A new report from Tortoise Media lends weight to the idea that this latent societal misogyny around which bandwagons might form, if encouraged, was supplemented and supercharged by deliberate campaigning around the Depp/Heard trial. Tortoise’s data analysis of around a million tweets critical of Heard from 2020 and 2021 revealed around 50 per cent were found to be fake, some from networks of bots with coordinated tweets, hundreds of accounts sending the same message at exactly the same time.

They also highlighted what appears to be accounts-for-hire, essentially online mercenaries peddling hatred, that periodically switch focus. One account that was an ardent supporter of Depp during his trial had previously stoked right-wing tensions in Chile. Others that attacked Heard had previously praised Saudi Arabia’s Crown Prince Mohammed bin Salman, propaganda accounts which are known in that part of the internet as ‘electronic flies’.

A totemic hate figure

This is not about a difference of opinion; it’s not even about the facts of the trial. An army of online sympathisers – those who might not take interest in politics with a capital P but can be reached by insidious populist propaganda in pop culture – don’t register Depp’s messages about drowning and burning Heard; he admitted in court to sending the message: “I will f*** her burnt corpse afterwards to make sure she is dead.” They consume the content that is pumped out to convince them they are the ones getting a raw deal, vulnerable to unjust persecution.

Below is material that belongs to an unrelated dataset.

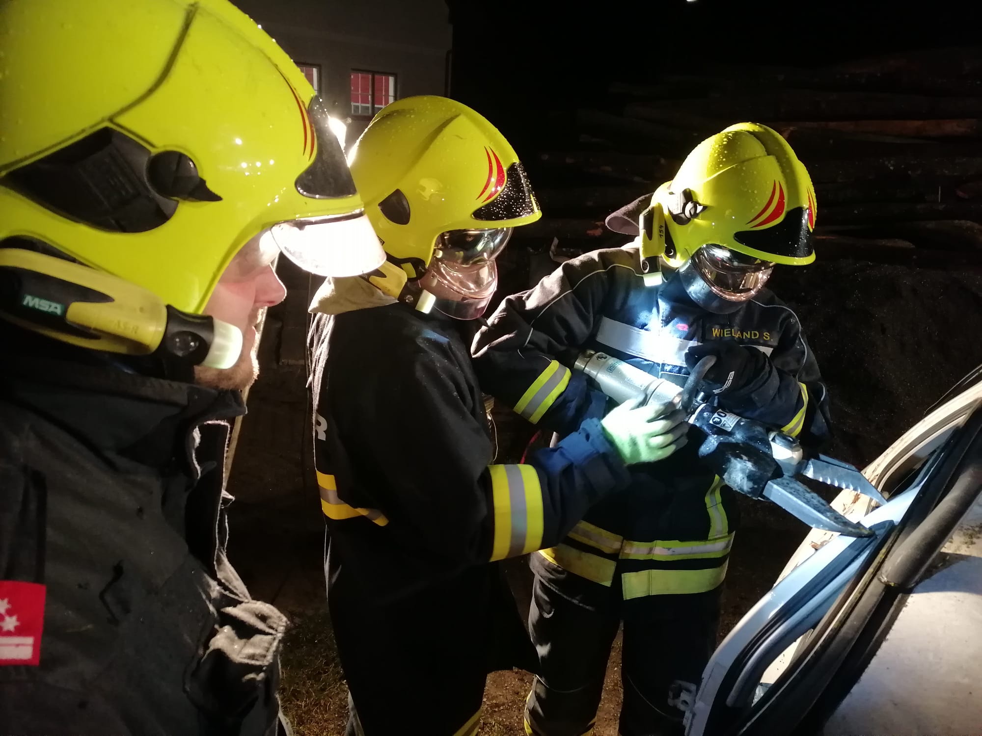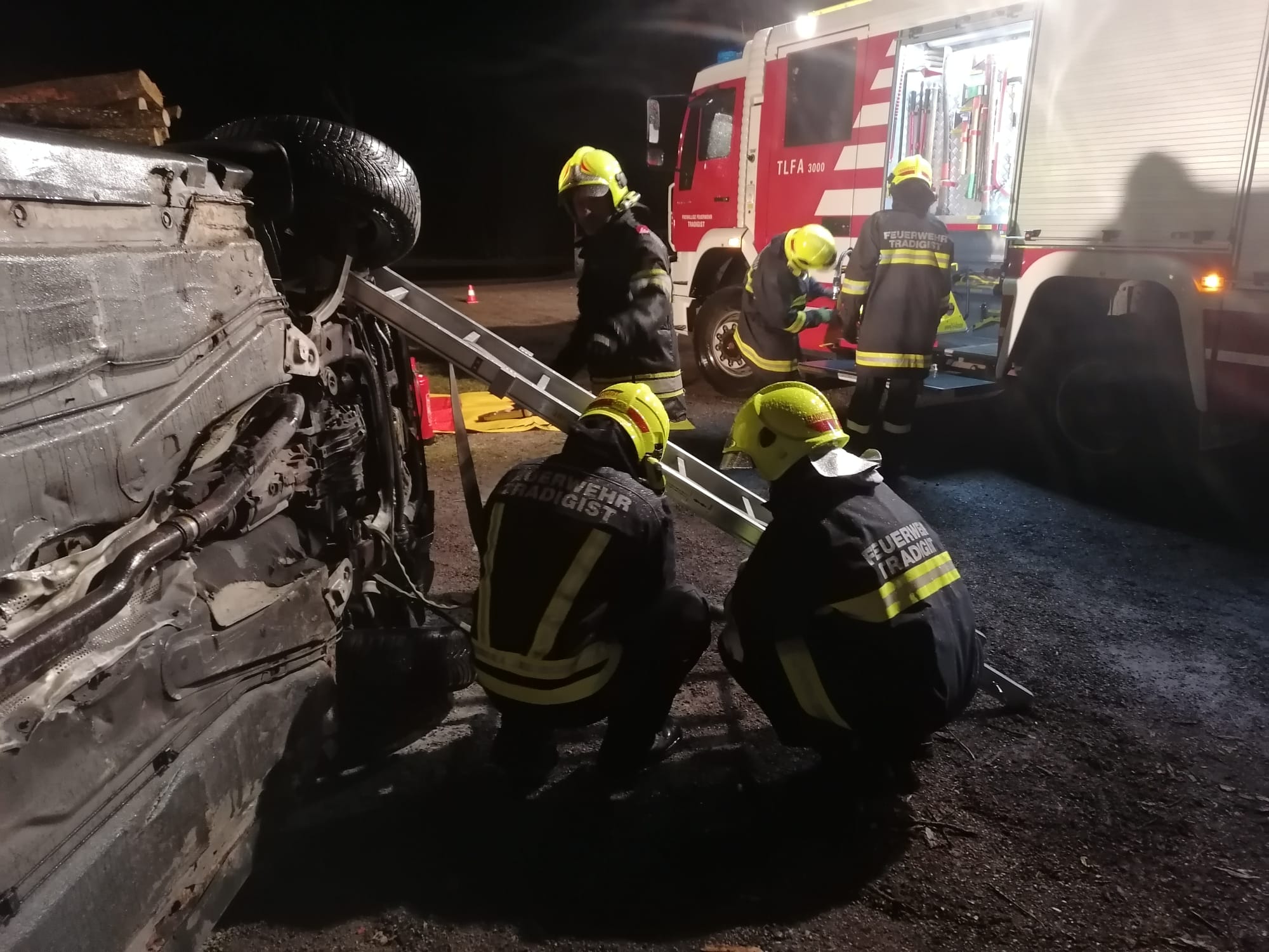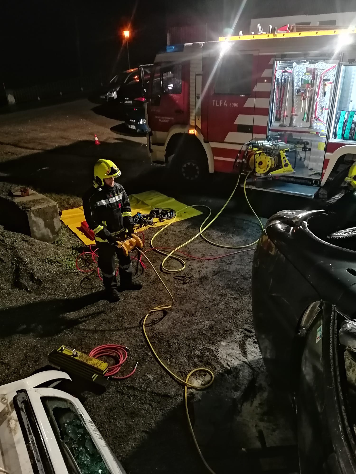 Zum Einsatz kamen: hydraulisches Rettungsgerät (Schere und Spreizer), Hebekissen, Glassäge, Spineboard und diverse Absicherungs- und Beleuchtungsmittel.

On any commentable medium, there seemed to be a plethora of surprisingly passionate, vitriolic accounts deeply committed to holding Heard up as a totemic hate figure while minimising actions attributed to Depp. The supposed self-accountability of the Manosphere – of the like popularised by academic Jordan Peterson’s advice to young men to clean their bedrooms or pick-up artists who encourage a bare minimum of hygiene as part of their scammy coaching package to impressionable followers – never goes so far as to encourage taking accountability for their actions’ impact on other people, particularly women.

Think of the almost hysterical defensiveness that arises around the idea of treating women as equals in the workplace – the common old-codger conflation of not sleazing on secretaries with the idea that men can’t do anything anymore without getting into trouble, as seen in all those “has MeToo gone too far?” articles, less interested in the impact of the campaign in any way than whether this new trend of women speaking out was bad for men – a big whiskery, petted-lip tantrum about the prospect of self-regulating, when in the old days, there was more room in public and polite society to not have to consider women, lower in the pecking order, as human beings with full agency.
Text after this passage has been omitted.